Ricorda com’erano odorosi e scompigliati questi suoi cappelli dorati?
E, mi dica ora, qui cosa vede?
Disse il dottore, voltando pagina.
E’ evidente, è l’azzurro profondo dei suoi occhi,
che spicca inconfondibile tra colorate macchie!
Bene, continuiamo, disse. E al mio sguardo
propose una nuova figura.
Oh! Sì! quante volte ho baciato la sua bocca sensuale,
che qui ancora m’invita, così morbida e rosata!
La bocca? Davvero? Disse il dottore
guardandomi con attenzione. E questo?
Ma, dottore, anche i seni di lei mi mostra?
Queste due corolle di fuoco spesso sono state il mio guanciale!
Si, certo, disse il dottore,
con una nuova ruga in mezzo agli occhi. E qui?

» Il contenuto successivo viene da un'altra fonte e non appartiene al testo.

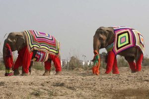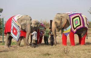 ഉത്തര്പ്രദേശ്: കൊടും തണുപ്പില് വലയുന്ന ആനകള്ക്ക് ആശ്വാസവുമായി ഒരു കൂട്ടം സ്നേഹവതികളായ സ്ത്രീകള് കമ്പിളിക്കുപ്പായവും പൈജാമയും തുന്നുന്നു. സ്വന്തം കൈകൊണ്ടാണ് ഗ്രാമവാസികളായ സ്ത്രീകള് ആനകള്ക്കായുള്ള കുപ്പായം തുന്നിയെടുക്കുന്നത്. ഉത്തര്പ്രദേശിലെ മഥുരയിലുള്ള ആന സംരക്ഷണ കേന്ദ്രത്തിലെ ആനകളെ തണുപ്പില് നിന്ന് രക്ഷിക്കാനായാണ് പ്രത്യേകം രൂപ കല്പ്പന ചെയ്ത വസ്ത്രങ്ങള് തയ്യാറാക്കുന്നത്.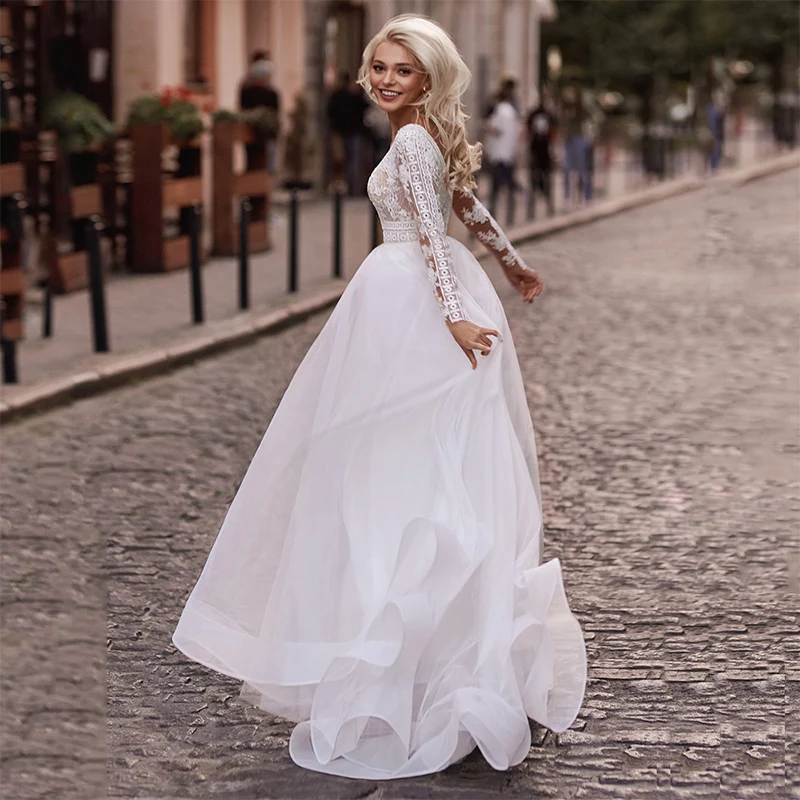 Сдержанное свадебное платье с длинным рукавом, шифоновые кружевные ...

Dio! Le sue mani, dalle lunghe dita attente,
così fresche sui miei fianchi! Lei non può immaginare, dottore!
Immagino, immagino, rispose. Ma andiamo avanti.
E in questa tavola più scura?
Il più bello dei suoi giardini, così profumato,
in esso mi sono perso e ritrovato spesso.
Ma è sicuro? Un giardino così scuro?
Guardi ancora e mi dica..
Forse anche un bosco, una grotta accogliente,
un asilo, un ristoro, una casa, tutto questo insieme.
Capisco. Forse può bastare così. Ma guardiamo ancora un’immagine.
Cosa vede in questo foglio tutto bianco?
Ma non è ovvio? E’ la sua anima, così pura, tutta luce e trasparenza,
è Valeria nella sua essenza. Ma Lei non la conosceva?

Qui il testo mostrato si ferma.